Inmates Lose As House Is Condemned Crumbling Cornelius House Closes, Forcing Residents Back To Pine Lodge Pre-Release Center
Spokane’s work release center was sinking long before it was condemned last week.
Structural cracks spread across the face of Cornelius House as it settled nearly an inch since May, shifting bricks out of whack, buckling window sashes. By the time state engineers declared the 1928 building a hazard Friday, the decline was so obvious the floor slanted.
But even so crumbled, it was home.
Now the felons who’d been completing the last few months of their prison sentences in the supervised home on West Mallon feel like they’re “back in the joint.”
Fifty-nine men returning from jobs or job interviews Friday were given two boxes to pack and by nightfall were moved to Pine Lodge Pre-Release Center. They now share two showers and three cramped rooms above the prison gym at Medical Lake.
The men, some within two weeks of being released into the community, are worried about jobs they can’t get to, family they can’t see and razor wire that reminds them of where they’ve been.
“The minute I walked back behind that fence, it was like being locked up again,” said Tony Heinrich, 32.
State officials say the arrangement obviously is temporary.
“It’s terribly disruptive for everyone involved,” said Cyrus McLean, community corrections supervisor at the Department of Corrections.
Second Chance, the nonprofit agency which runs Cornelius House, hopes the crisis forces a move into the Brownstone Building downtown.
A year ago, the city hearing examiner granted Second Chance a permit to move state prisoners from the West Central neighborhood to a renovated building at Third and Browne. The building has been ready since Oct. 1.
But the proposed move was contested by neighbors, business owners and school officials who appealed the permit process in Superior Court. That appeal has kept the Department of Corrections from contracting with Second Chance for the new facility.
“They do not have an unchallenged permit at the Brownstone, that gives me a great deal of pause,” said Kaye Adkins, regional administrator for the Department of Corrections.
Last week’s condemnation also stymied Second Chance’s plans to keep housing federal prisoners at Cornelius House. Once the state declared the building structurally unsafe, federal officials also pulled 13 prisoners and placed them at Geiger Corrections Center.
Statewide, the nonprofit agency has withstood a series of blows to its programs this fall. In September, two legislative committees were convened after a 17-year-old confined to a Second Chance halfway house beat a 12-year-old baby sitter to death in Stanwood, Wash.
Rep. Ida Ballasiotes, who heads the corrections committee, say that inquiries into the licensing of youth homes is ongoing. Eight years ago, her daughter, a Seattle businesswoman, was killed by an escapee from a home run by Second Chance.
At least one party that stands to benefit from the recent upheaval is Spokane County - which wants the Cornelius House property.
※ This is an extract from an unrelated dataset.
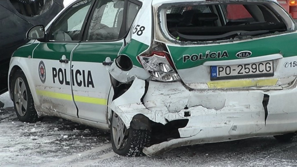 Dostalo šmyk a vpálilo do rovno do policajného auta, v ktorom sedel muž zákona. Košičan zjavne nešiel pomaly a náraz bol taký silný, že policajné auto zostalo nepojazdné.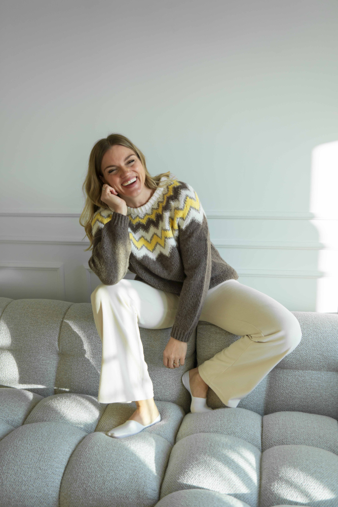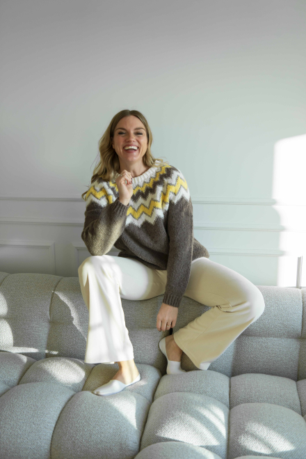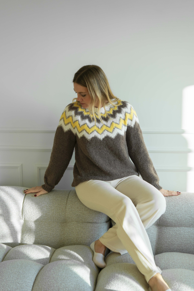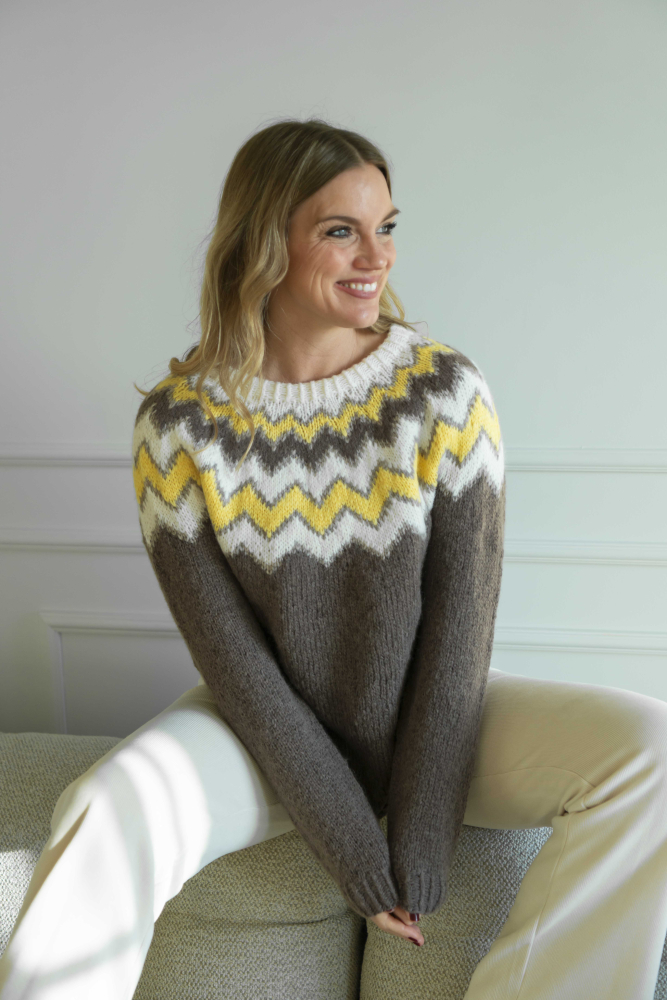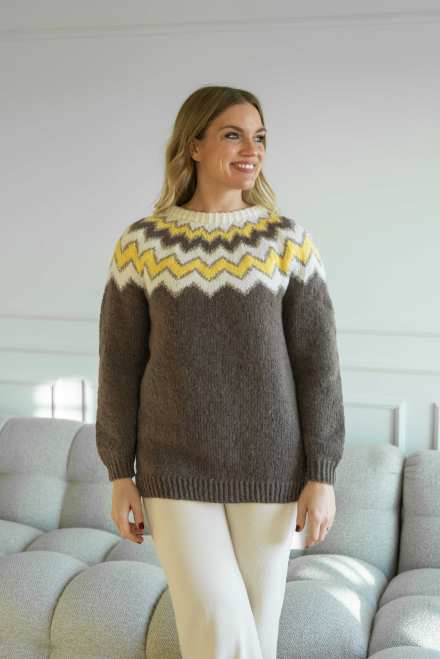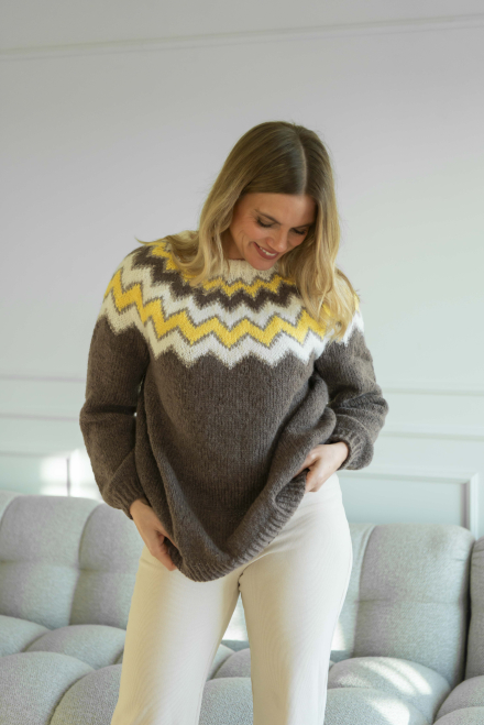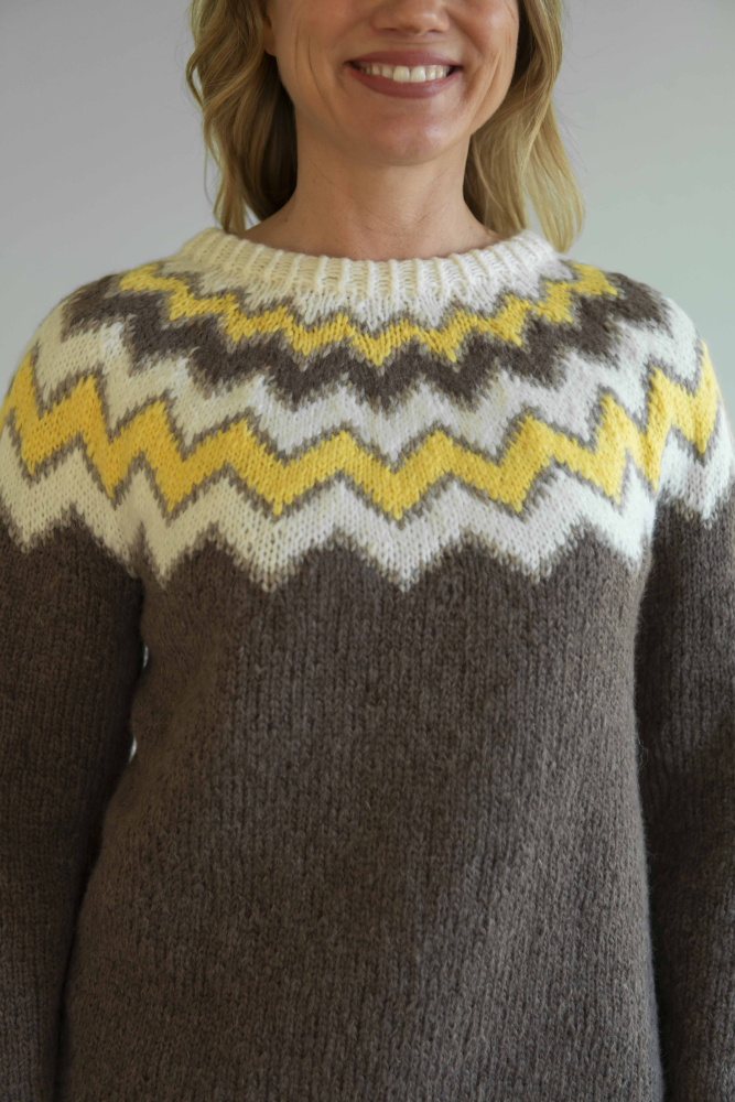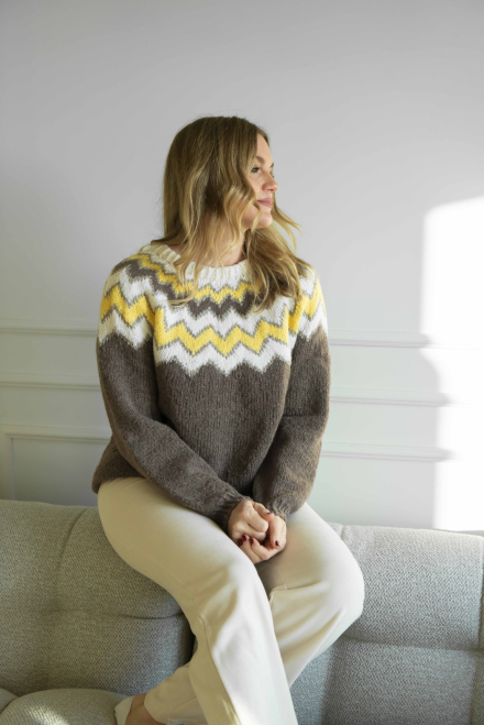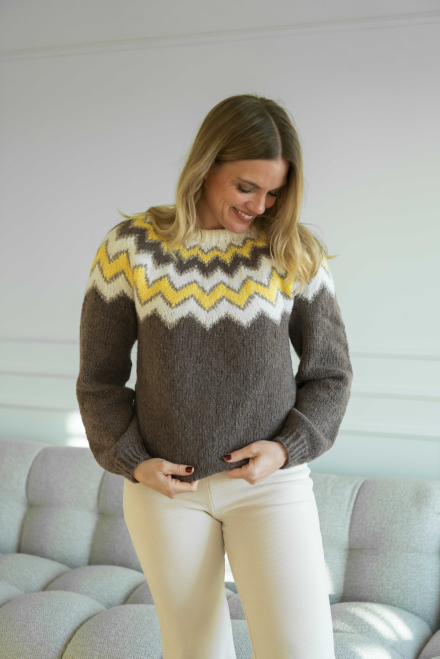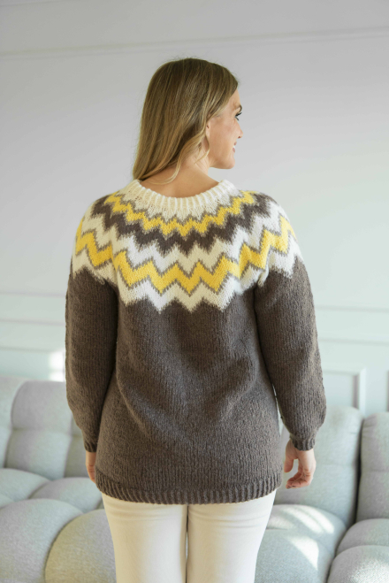 Du kan selv endre farge i strikkepakken ; velg da først størrelsen du ønsker å strikke, så kommer det opp fargevalg nedenfor. NB! Oppskrift vil alltid leveres i strikkepakkens originale farger: Mellombrun, Beige, Hvit og Lys Gul

Although current commissioners have never considered the matter, previous administrations have attempted to buy the Cornelius House lot - the only lot that side of Mallon the county doesn’t own.
Since 1988, Cornelius House has allowed low-risk inmates to finish the last three to six months of a criminal sentence in a supervised non-prison site. Inmates must hold jobs, are screened and undergo frequent blood and alcohol tests.
Staff and offenders attempted to restore normalcy this week at temporary headquarters at Pine Lodge.
Director Bruce Kuennen and McLean are borrowing desks and relying on pagers and cellular phones to keep up with calls. Counselors usually available to offenders are now in offices across the prison yard. Offenders share one phone and their contact with visitors is severely limited.
“My family lives 110 miles away, they don’t know where I am and I don’t know where I am,” said Steve Daniels, 30, of Moses Lake.
The Cornelius House men are mostly separate from the 322 men and women housed at Pine Lodge, a minimum-security prison camp. But they are also painfully close. While Cornelius House offenders who work graveyard shifts try to sleep, Pine Lodge inmates play basketball downstairs.
But mostly Second Chance staff are working overtime driving offenders into Spokane to jobs. Half must be driven the 17 miles downtown that they used to be able to walk to - the other half are driven to scattered sites around the county.
Richard Warren, 36, left work at a downtown restaurant at midnight Sunday but it was after 2 a.m. by the time the van finished picking up other offenders.
For Warren, it’s a chance for things to go wrong. He is scheduled to be released from prison in December, and each upheaval increases the likelihood something will get in his way.
“We’ve got tension going both ways,” he said of staff and inmates. “After 10 years, this is the last thing I need.”